Among the exceptional features of restricted and indolent γ-HCD,, a rare form of γ-HCD MGUS has been described in 4 patients.,- In these patients, a small number of tumor cells were restricted in the bone marrow with an indolent clinical course. They did not have autoimmune disease. Regarding the clinical features of the present patient, he did not have systemic symptoms or autoimmune disease. The tumor cells that produced the truncated γ-heavy chain were restricted to the bone marrow comprising 2.8% of lymphoplasmacytic cells. Serum levels of IgG and M-peak on serum electrophoresis have remained stable for nearly 3 years. Based on findings, the present patient was diagnosed with γ-heavy chain MGUS, being the 5th reported case.

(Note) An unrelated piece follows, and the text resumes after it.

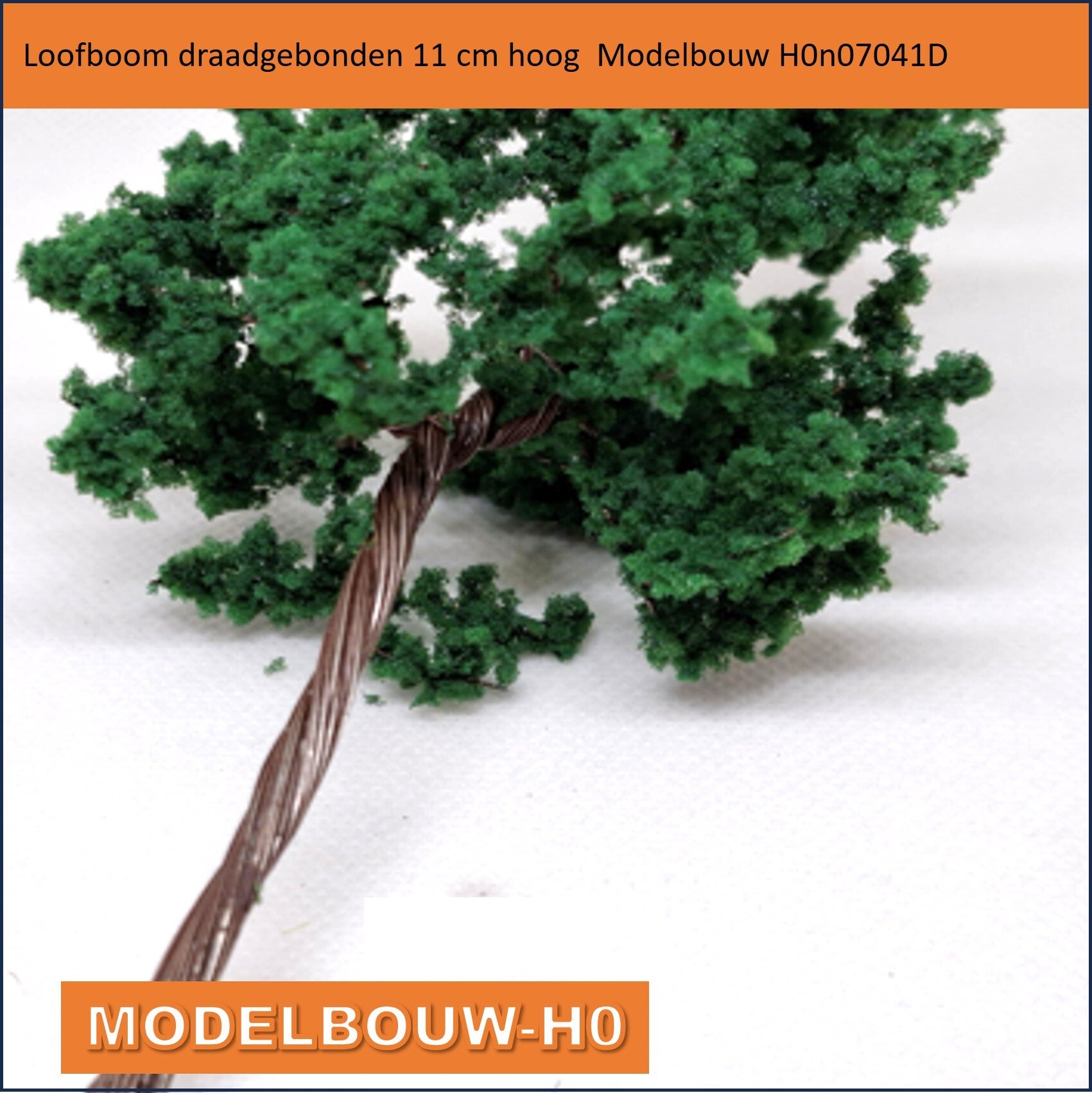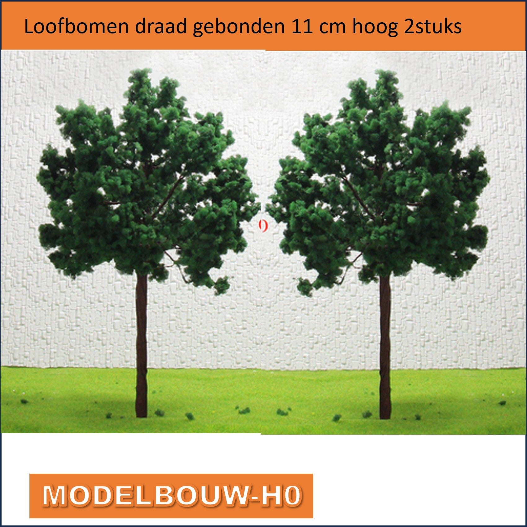 Loofbomen 2 stuks draadgebonden 11 cm hoog met groene flock bekleed, en een gebruinde stam en takken. Deze bomen zijn zeer geschikt voro je treinbaan of diorama en zijn mooi gemaakt.

In γ-HCD, the intracellular monoclonal γ-chain has been demonstrated by immunohistochemical methods but not by FCM. In the present case, we successfully detected the intracellular γ-chain by FCM, possibly being the first demonstration of the γ-chain in γ-HCD. The successful demonstration may be due to the polyvalent anti-γ antibody used in this analysis. Monoclonal anti-γ antibodies may fail to detect the intracellular γ-chain in some cases because the γ-chain is shorter (one half to three-quarters) than the normal γ-chain, and is thus an incomplete IgG heavy chain. Therefore, the polyvalent anti-γ antibody may have the advantage of being able to detect the intracellular γ-chain in FCM analysis (personal communication). Although polyvalent antibodies may increase non-specific reactions, non-specific staining is unlikely because smIgG was clearly negative (Figure 4, upper, right), and the pattern of cyIgG positivity (Figure 4, bottom, right) was considered reasonable in the present analysis.

In conclusion, we report a γ-HCD patient whose clinical features were consistent with MGUS. The total of 5 reported cases of γ-heavy chain MGUS, including the present case, suggests the presence of a new clinical entity of γ-HCD.